Dr. Abraham Muwanguzi the Manager science and technology department National Planning Authority says they will be shifting implementation of different interventions;

“Most likely the end of this July, the new, not the new but the priorities that we are going to concentrate on, the NDP 3 will not be done away with but what will happen, will be the shifting in terms of implementation of different interventions and this will come out most likely the end of this month.”

He adds that the private sector could largely be affected by the reprioritization and thus called upon Ugandans to tighten.

“We should brace ourselves for the hard times because they are already here, the hard times are not yet to come, they are here. Especially in the business sector, the government has cut down on spending.”

The IMF and World bank project Ugandans economic growth at 4% for this calendar year 2021 while the National Planning Authority projects a 3.5% growth. But Dr. Fred Muhumuza, a senior economist at Makerere University notes that the indicators are good despite the uncertainty.

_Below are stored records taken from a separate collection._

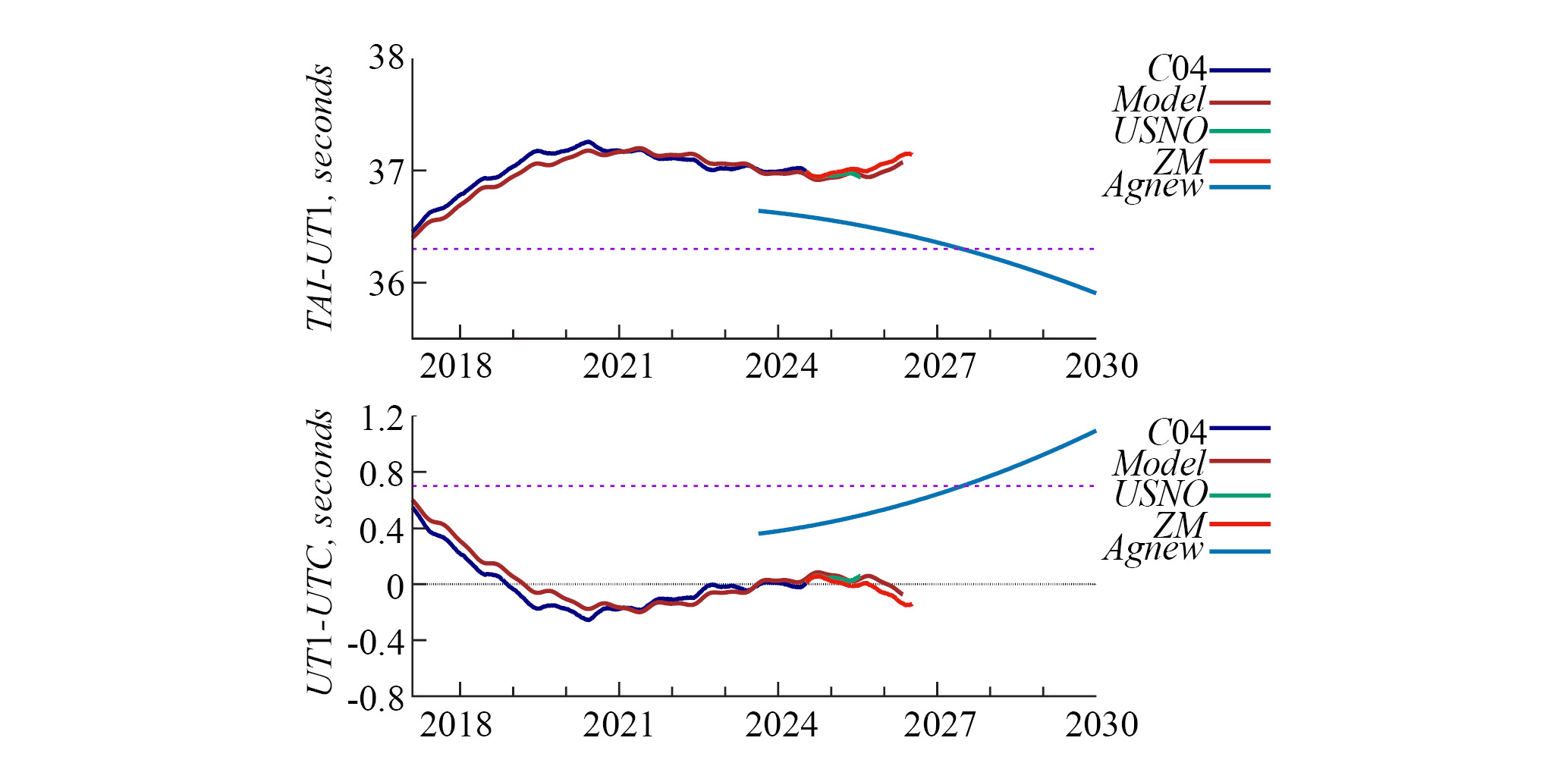 Хотя результаты прогнозов всемирного времени, представленные на рис. 3, несколько различаются, все они предсказывают, что ускорение вращения Земли должно прекратиться в течение ближайшего времени и не предполагают возобновления ускорения вращения Земли до 2030-х годов. Это противоречит выводу, сделанному в работе [7], который предполагает, наоборот, рост ускорения вращения Земли после 2023–2024 г.
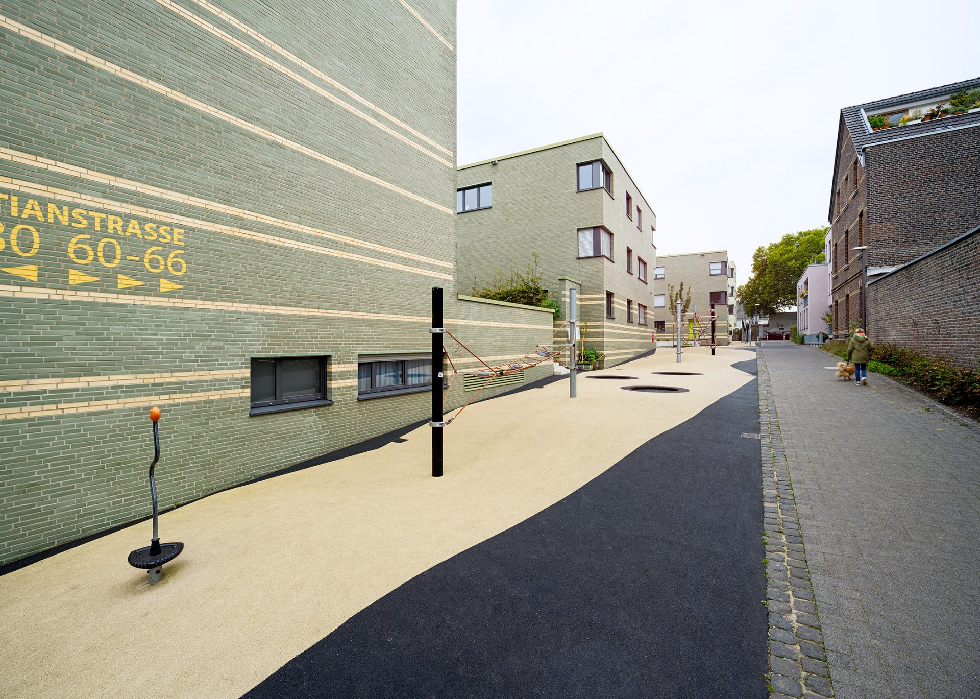 Die Leyendeckerstraße und die Christianstraße werden über eine fußläufige Straße miteinander verbunden. Vor Gebäude C weitet sich die Verbindungsstraße auf, sodass eine Platzfläche entsteht, von der aus die Hauseingänge von Gebäude C über eine Stufenanlage erschlossen werden. Der barrierefreie Zugang zu Gebäude C wird über die Zuwegung durch den Innenhof der Anlage gewährleistet. Die Zugänge zu Gebäudeteil A liegen ebenfalls im Innenhofbereich und sind zusätzlich über einen Stichweg an der südlichen Grundstücksgrenze zu erreichen. Der Gebäudeteil B wird von der Christianstraße aus erschlossen, wo sich neben den Wohnungseingängen auch die Tiefgaragenzufahrt befindet. Aufgrund der unterschiedlichen Höhensituation zwischen Leyendeckerstraße und Christianstraße befinden sich die Eingänge zu Haus B in der Untergeschossebene. Die Zugänge zu Haus A und C liegen in der EG-Ebene.
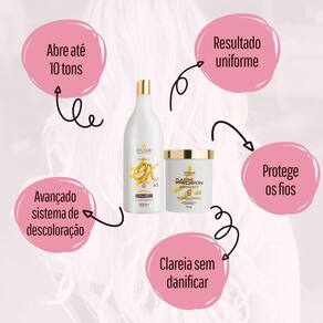O.274893/2018-14 o pó descolorante platine precision white abre até 10 tons e proporciona um resultado uniforme, proteção, hidratação, sedosidade e brilho. modo de usar: acrescente a medida desejada do pó descolorante em um recipiente não metálico. Adicione o oxidante aos poucos e misture até formar um creme homogêneo, sempre na proporção 1: 2 uma medida de pó para duas medidas de ox . Siga rigorosamente as instruções de uso e faças testes de toque e mechas antes de aplicar. Após o término do tempo de ação, enxágue bem com água morna e lave os cabelos como de costume. Hidratar para melhor resultado. teste de mecha: separe uma mecha fina do alto da cabeça, misture um pouco do produto e aplique na mecha, deixando o tempo de ação indicado e então a lave. Respeite a proporção utilizada na prova do toque. Se o cabelo ficar quebradiço ou houver aquecimento, é sinal de que o seu cabelo não se encontra em condições para o uso do produto. Atenção não utilize água oxigenada acima de 13 volumes para clareamento de pelos do corpo sem proteção prévia da pele. As oxidantes estabilizadas ou água oxigenada da dyusar professional possuem fórmula estabilizada, cremosa e perfumada, além de proporcionar uniformidade e brilho. modo de uso: misturar a emulsão oxidante com a tintura ou descolorante, conforme as proporções de diluição aconselhadas para cada tipo de produto.Cuidados: contém substâncias passíveis de causar alergia na pele. Antes de usar, faça a prova de toque. Não usar nos cílios e sobrancelhas pois pode causar irritação nos olhos ou cegueira. Não aplicar se o couro cabeludo estiver irritado ou lesionado. Em caso de contato, enxaguar com água abundantemente. Manter fora do alcance das crianças. Evitar exposição ao sol. Contém peróxido de hidrogênio. Usar luvas adequadas. Usar luvas apropriadas. Respeitar o tempo de pausa. Não utilizar ferramentas metálicas. Tempo de uso: até 50 minutos. Este produto deve ser utilizado apenas por um profissional cabeleireiro. prova de toque: aplicar pequena quantidade no antebraço ou atrás da orelha. Deixar sobre a pele uma hora. Em seguida enxaguar o local. Aguardar 24 horas. Caso surja sinais de irritabilidade, não utilizar o produto. A máscara s.O.S protect antioxidante da dyusar professional hair é uma máscara capilar que controla o ph dos fios, promove maciez e melhora a elasticidade dos cabelos. Reconstrói e combate os radicais livres, cessando a oxidação dos fios. Age de forma antioxidante, reconstruindo e combatendo os radicais. Modo de usar: após lavar os cabelos aplique o produto sobre toda a extensão dos fios. Massageie e deixe agir por aproximadamente 7 minutos. Enxágue bem. Marca: Dyusar Cosmeticos
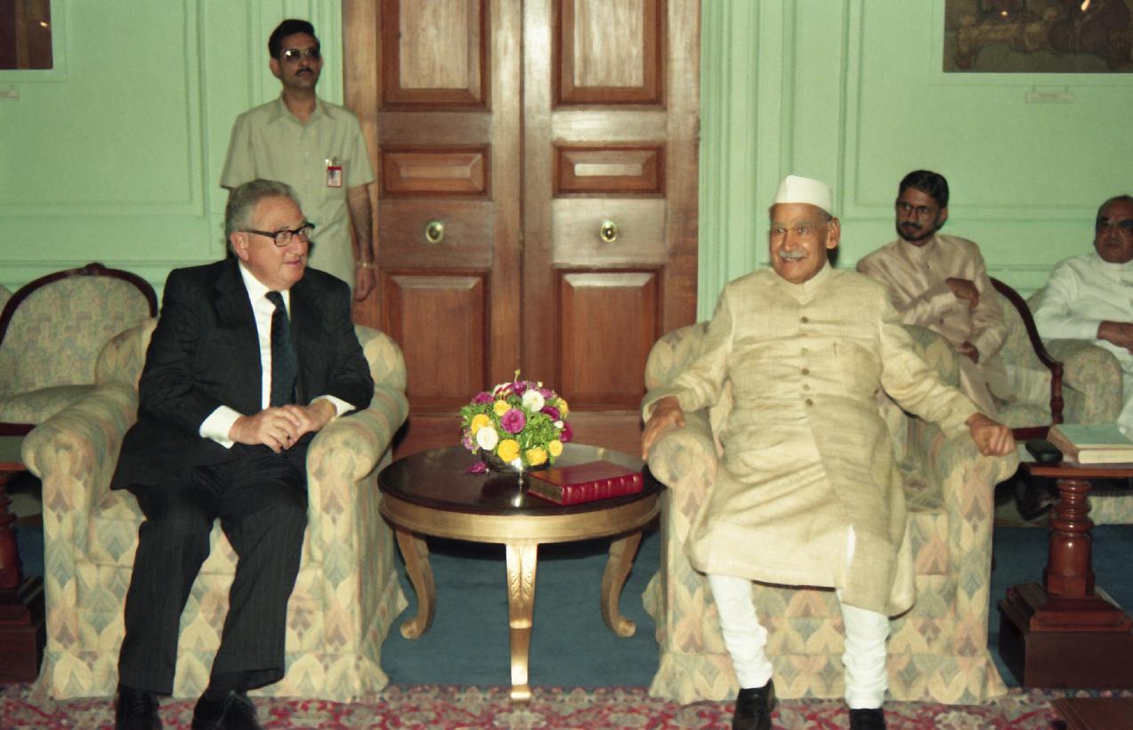 The President of India, Dr. Shankar Dayal Sharma meeting with Mr. Henry A. Kissinger, former US Secretary of State, at Rashtrapati Bhavan in New Delhi on March 23, 1995.
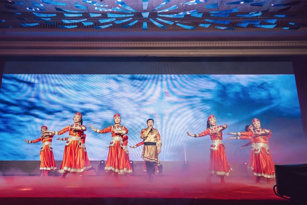 歌伴舞《草原上升起不落的太陽》婉轉(zhuǎn)動(dòng)人的曲調(diào)讓臺(tái)下觀眾猶如置身廣闊無垠蒙古大草原,體味到了草原民族熱情好客、自由奔放的風(fēng)情韻味……

“As we have learnt from the past, I don’t want to put figures, what I would do, is pick the NPA figure of 3.5% and the IMF higher figure of 4% and say the growth for this calendar year will be between that interval we are yet to discover is life going to be normal.”

Recently, experts from the National Planning Authority came up with a model to monitor COVID 19 but economists disagree with the data provided.
Muhumuza says; “The criteria is unable to provide accurate data, for now. We can say that the economy is stable.”

Budget cuts of up to 40% have also been effected this financial year as part of the efforts to support critical programs that would propel the country to the path of recovery key among them being industrialization and support to Small and Medium Industries.